> [What you should do]: Beginning at the line that contains "Cottonが含まれない可能性があります。・左胸にシグネチャーのポニー刺繍・Vネックライン / ボタン付き前立て" and finishing at the line that contains "The Declan Wall", output the data below exactly. Include both end lines and no pictures.

> [Data for this exercise]:
***

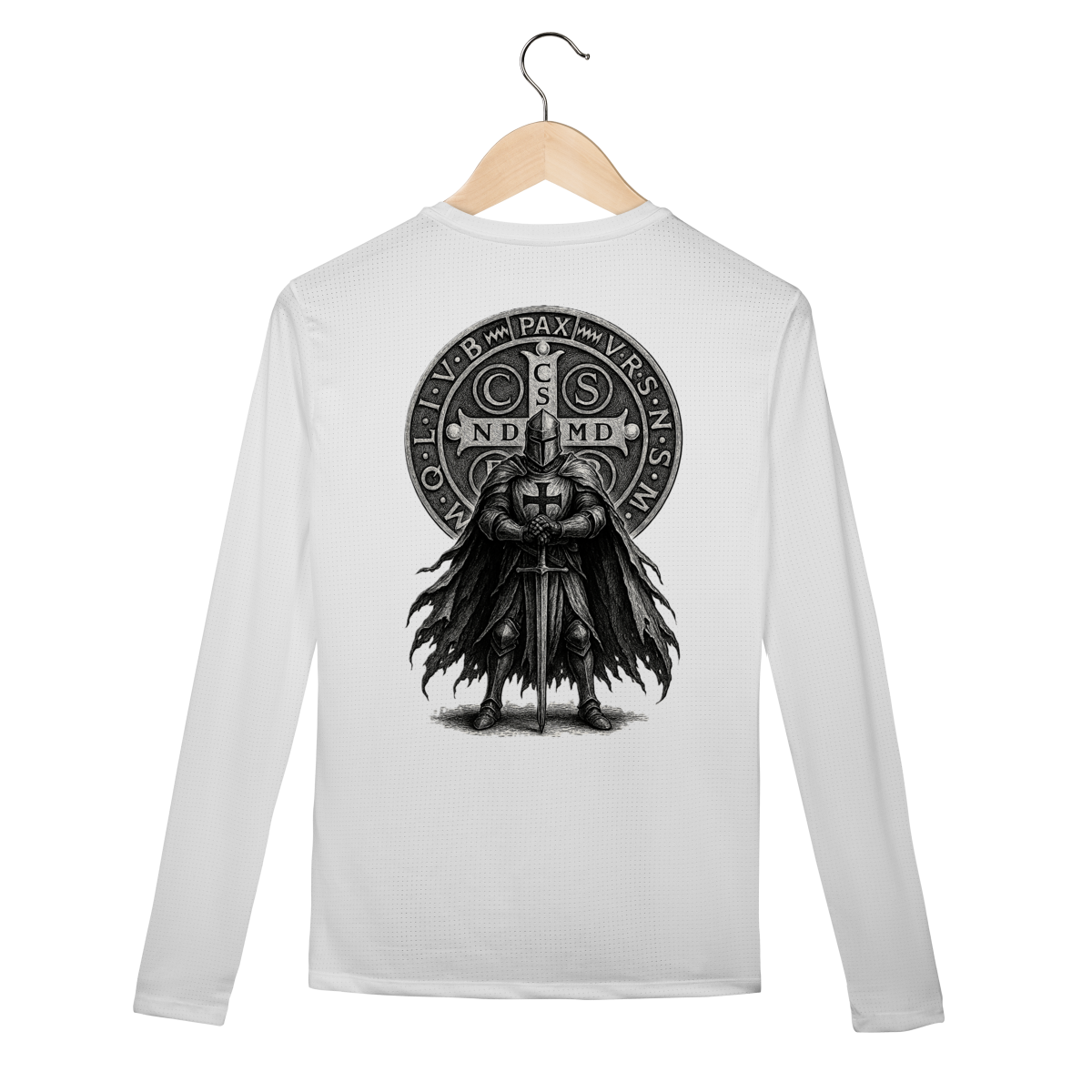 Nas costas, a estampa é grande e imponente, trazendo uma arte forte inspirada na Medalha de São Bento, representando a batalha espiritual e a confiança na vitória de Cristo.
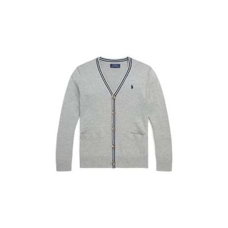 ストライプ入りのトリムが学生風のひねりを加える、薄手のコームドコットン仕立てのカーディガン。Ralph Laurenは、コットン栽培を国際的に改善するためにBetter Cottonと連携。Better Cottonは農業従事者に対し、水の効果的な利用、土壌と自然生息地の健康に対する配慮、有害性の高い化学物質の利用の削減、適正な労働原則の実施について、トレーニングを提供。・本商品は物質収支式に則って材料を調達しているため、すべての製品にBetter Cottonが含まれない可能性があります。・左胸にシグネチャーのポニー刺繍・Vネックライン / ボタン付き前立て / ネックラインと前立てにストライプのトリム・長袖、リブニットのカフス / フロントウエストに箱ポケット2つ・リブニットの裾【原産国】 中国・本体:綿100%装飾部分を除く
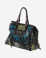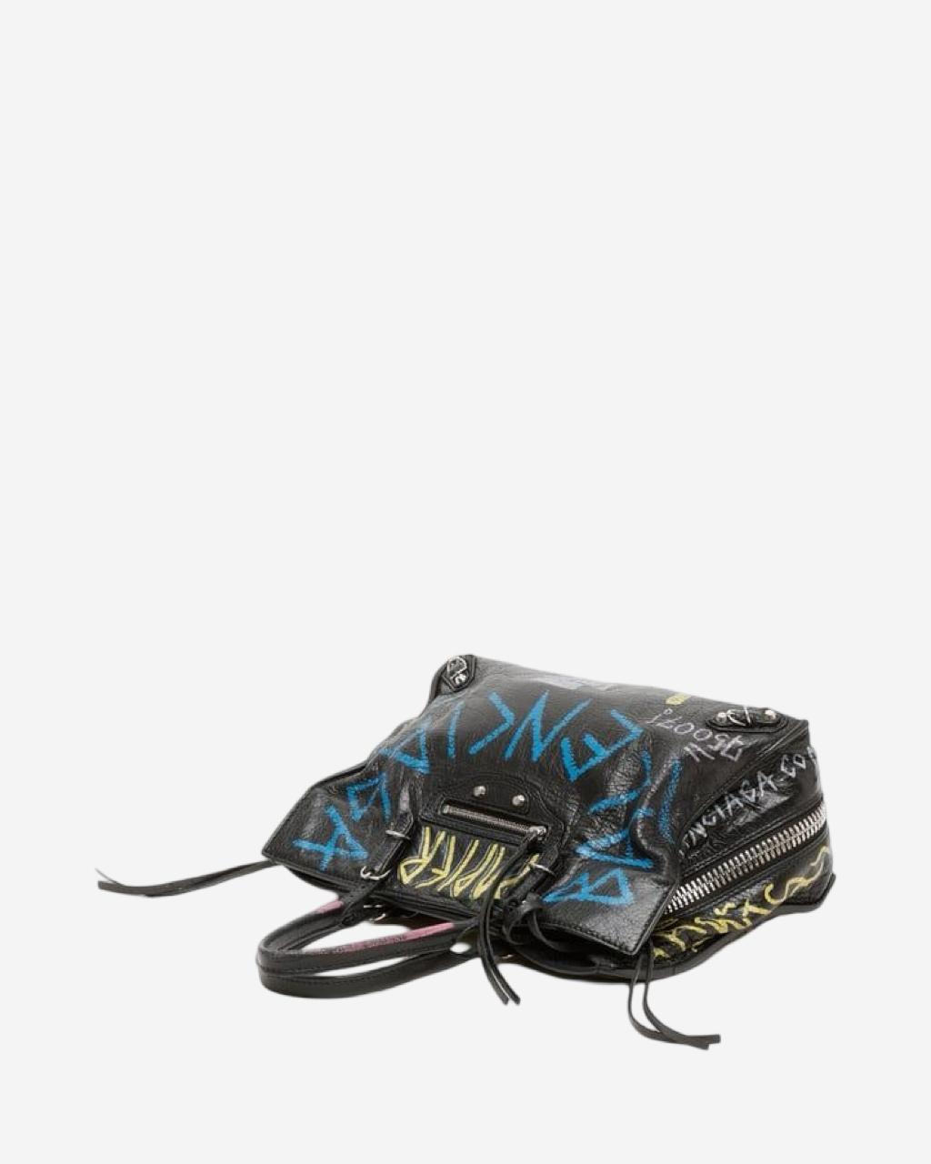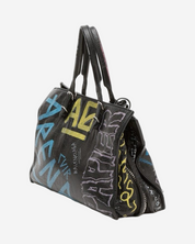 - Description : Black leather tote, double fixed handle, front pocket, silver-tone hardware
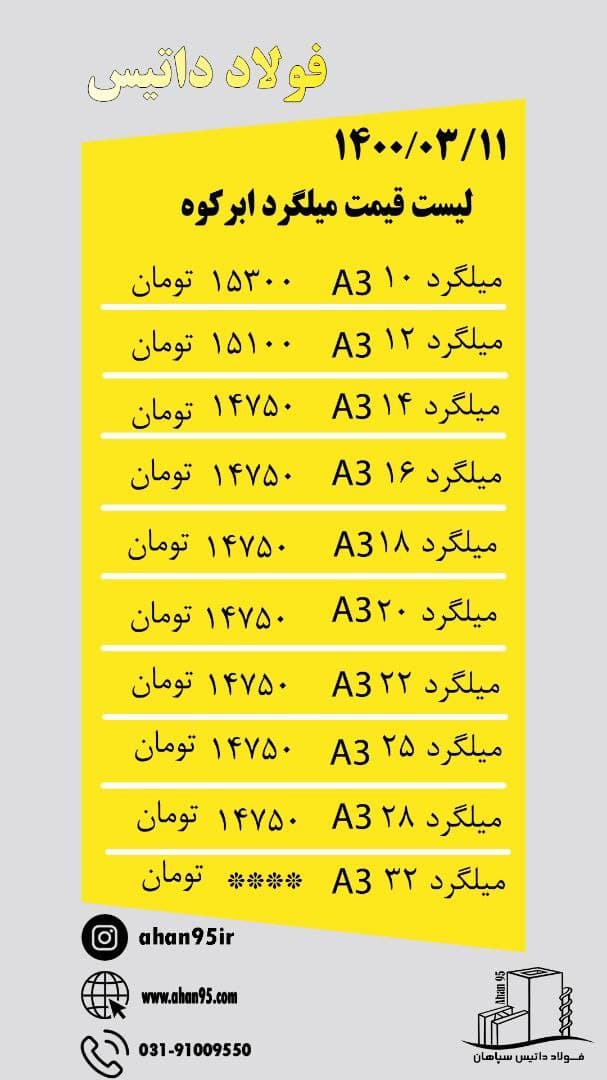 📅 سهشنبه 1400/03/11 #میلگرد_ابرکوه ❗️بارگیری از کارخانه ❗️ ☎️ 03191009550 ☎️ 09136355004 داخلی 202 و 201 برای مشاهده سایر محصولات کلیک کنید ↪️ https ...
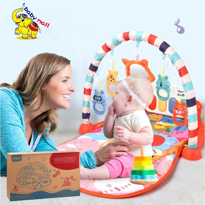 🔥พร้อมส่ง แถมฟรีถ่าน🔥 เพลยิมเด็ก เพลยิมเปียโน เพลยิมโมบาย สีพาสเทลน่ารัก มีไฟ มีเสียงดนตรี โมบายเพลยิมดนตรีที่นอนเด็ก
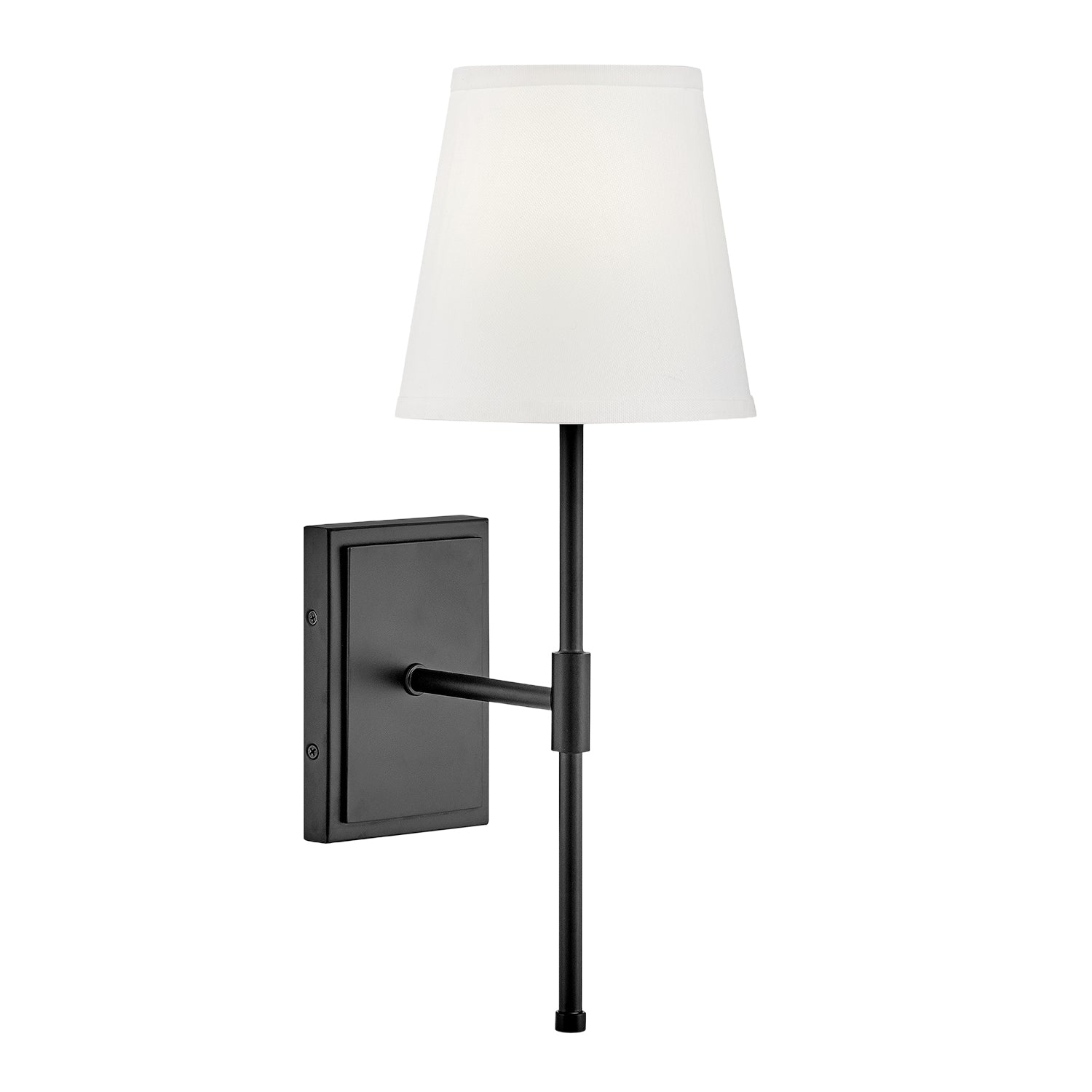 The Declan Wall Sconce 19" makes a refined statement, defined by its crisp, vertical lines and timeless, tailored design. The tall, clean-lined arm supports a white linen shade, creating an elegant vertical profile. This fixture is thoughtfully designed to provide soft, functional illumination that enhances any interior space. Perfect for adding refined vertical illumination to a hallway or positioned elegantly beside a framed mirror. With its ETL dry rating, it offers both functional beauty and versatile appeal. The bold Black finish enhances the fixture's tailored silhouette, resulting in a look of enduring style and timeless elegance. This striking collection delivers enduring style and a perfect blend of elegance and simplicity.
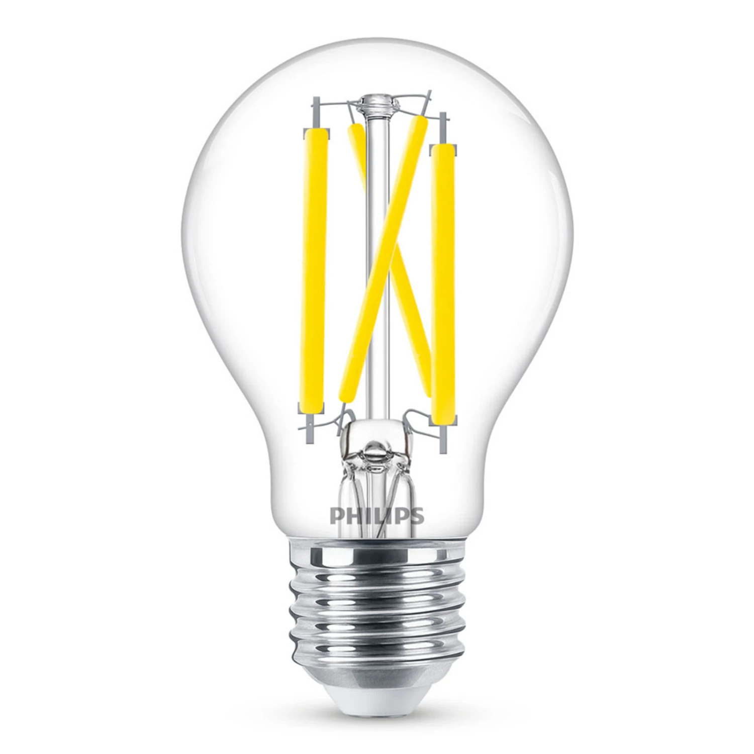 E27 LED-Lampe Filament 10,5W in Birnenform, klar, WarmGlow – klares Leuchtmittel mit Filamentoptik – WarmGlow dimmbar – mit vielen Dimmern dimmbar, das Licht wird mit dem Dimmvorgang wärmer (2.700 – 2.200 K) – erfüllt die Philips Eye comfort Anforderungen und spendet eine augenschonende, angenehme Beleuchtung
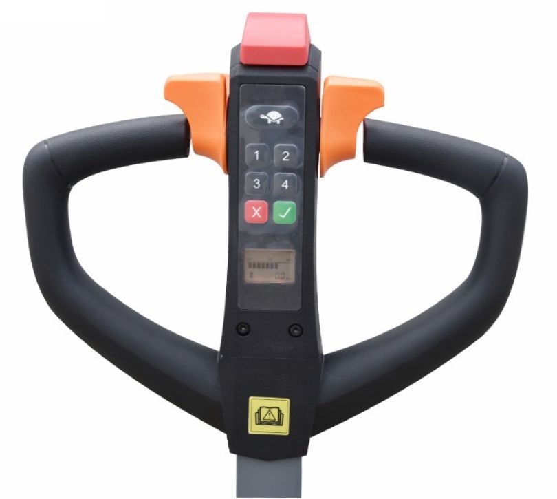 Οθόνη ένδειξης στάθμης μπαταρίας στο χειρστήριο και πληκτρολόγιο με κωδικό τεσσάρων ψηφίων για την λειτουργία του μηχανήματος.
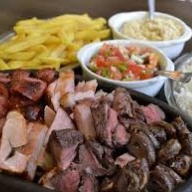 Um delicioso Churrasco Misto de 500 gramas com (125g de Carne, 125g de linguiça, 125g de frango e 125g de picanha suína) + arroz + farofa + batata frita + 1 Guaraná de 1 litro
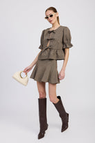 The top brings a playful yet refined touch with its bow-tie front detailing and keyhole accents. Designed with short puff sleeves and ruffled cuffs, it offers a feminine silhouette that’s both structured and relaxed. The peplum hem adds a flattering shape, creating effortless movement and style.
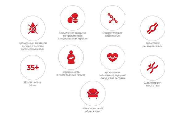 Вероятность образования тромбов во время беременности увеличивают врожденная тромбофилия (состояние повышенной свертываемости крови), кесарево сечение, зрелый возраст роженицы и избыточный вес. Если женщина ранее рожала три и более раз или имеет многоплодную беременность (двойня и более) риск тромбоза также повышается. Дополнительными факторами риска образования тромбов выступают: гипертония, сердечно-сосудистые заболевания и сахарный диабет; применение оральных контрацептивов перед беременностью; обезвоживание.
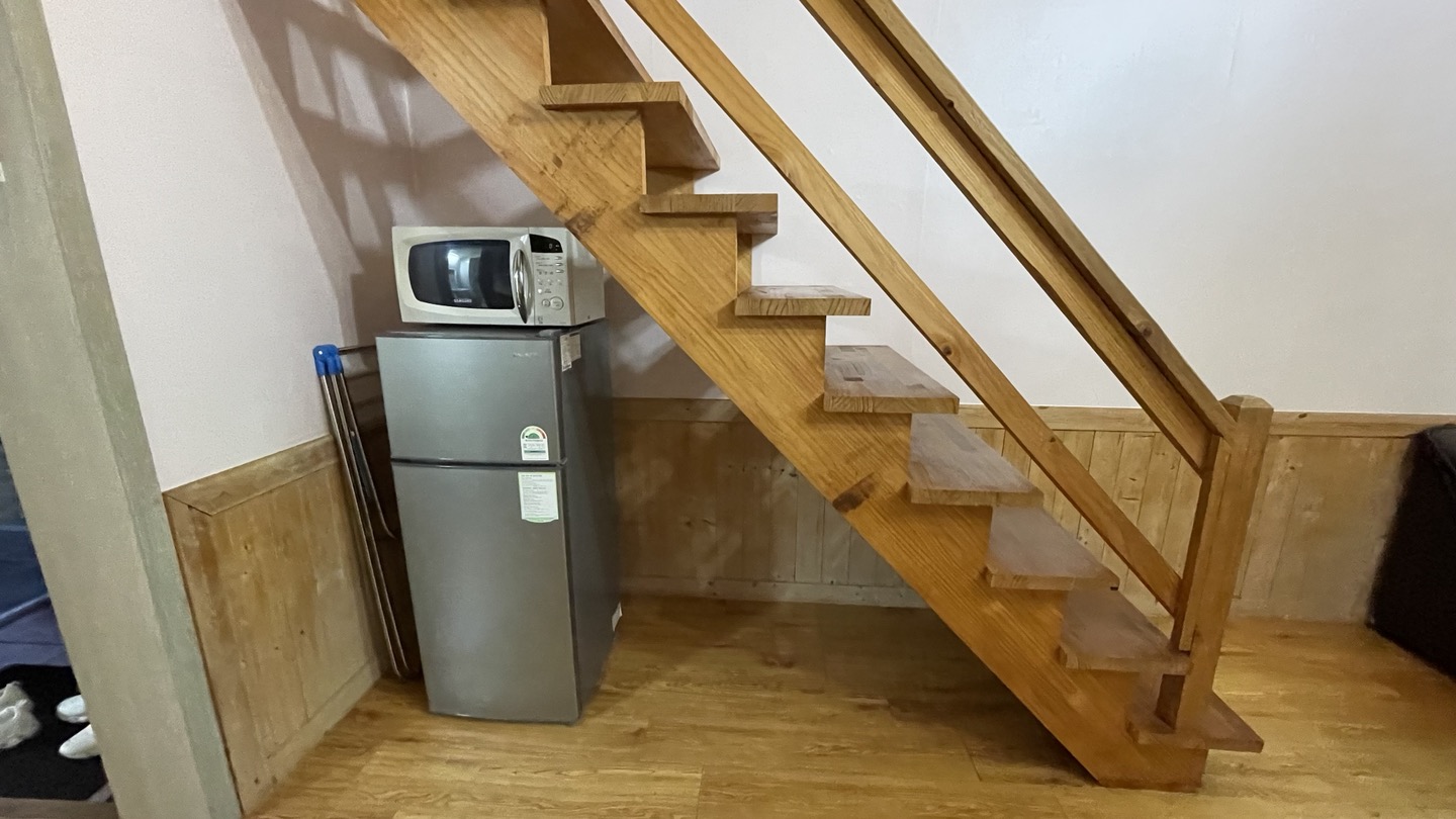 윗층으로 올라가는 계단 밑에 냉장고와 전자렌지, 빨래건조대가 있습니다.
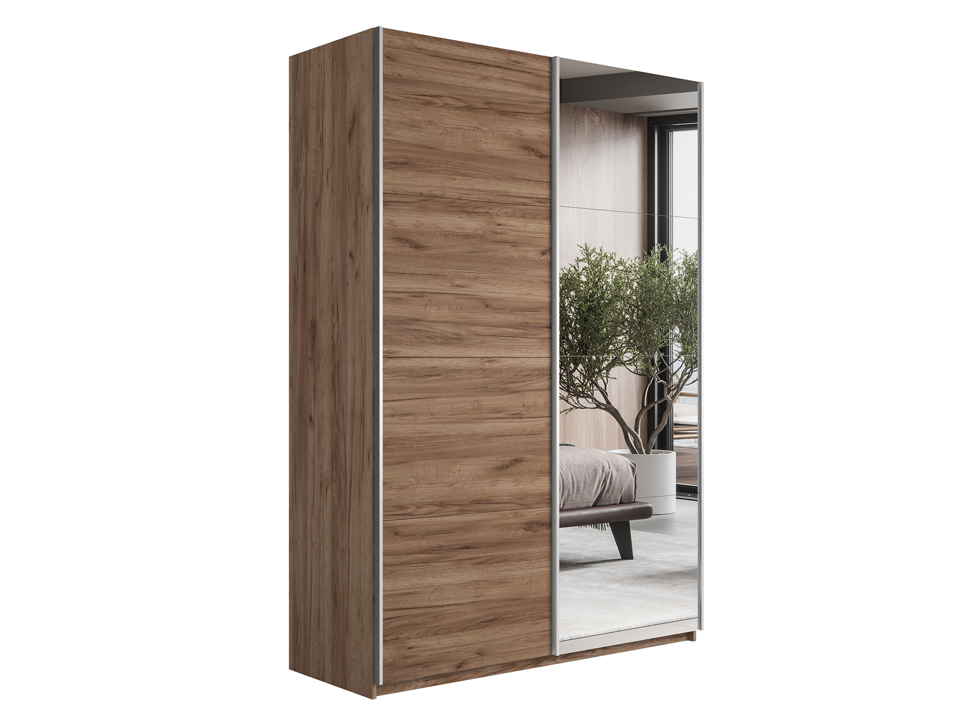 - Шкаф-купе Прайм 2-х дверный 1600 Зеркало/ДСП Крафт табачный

***

> [Problem solution]:
 ストライプ入りのトリムが学生風のひねりを加える、薄手のコームドコットン仕立てのカーディガン。Ralph Laurenは、コットン栽培を国際的に改善するためにBetter Cottonと連携。Better Cottonは農業従事者に対し、水の効果的な利用、土壌と自然生息地の健康に対する配慮、有害性の高い化学物質の利用の削減、適正な労働原則の実施について、トレーニングを提供。・本商品は物質収支式に則って材料を調達しているため、すべての製品にBetter Cottonが含まれない可能性があります。・左胸にシグネチャーのポニー刺繍・Vネックライン / ボタン付き前立て / ネックラインと前立てにストライプのトリム・長袖、リブニットのカフス / フロントウエストに箱ポケット2つ・リブニットの裾【原産国】 中国・本体:綿100%装飾部分を除く
 - Description : Black leather tote, double fixed handle, front pocket, silver-tone hardware
 📅 سهشنبه 1400/03/11 #میلگرد_ابرکوه ❗️بارگیری از کارخانه ❗️ ☎️ 03191009550 ☎️ 09136355004 داخلی 202 و 201 برای مشاهده سایر محصولات کلیک کنید ↪️ https ...
 🔥พร้อมส่ง แถมฟรีถ่าน🔥 เพลยิมเด็ก เพลยิมเปียโน เพลยิมโมบาย สีพาสเทลน่ารัก มีไฟ มีเสียงดนตรี โมบายเพลยิมดนตรีที่นอนเด็ก
 The Declan Wall Sconce 19" makes a refined statement, defined by its crisp, vertical lines and timeless, tailored design. The tall, clean-lined arm supports a white linen shade, creating an elegant vertical profile. This fixture is thoughtfully designed to provide soft, functional illumination that enhances any interior space. Perfect for adding refined vertical illumination to a hallway or positioned elegantly beside a framed mirror. With its ETL dry rating, it offers both functional beauty and versatile appeal. The bold Black finish enhances the fixture's tailored silhouette, resulting in a look of enduring style and timeless elegance. This striking collection delivers enduring style and a perfect blend of elegance and simplicity.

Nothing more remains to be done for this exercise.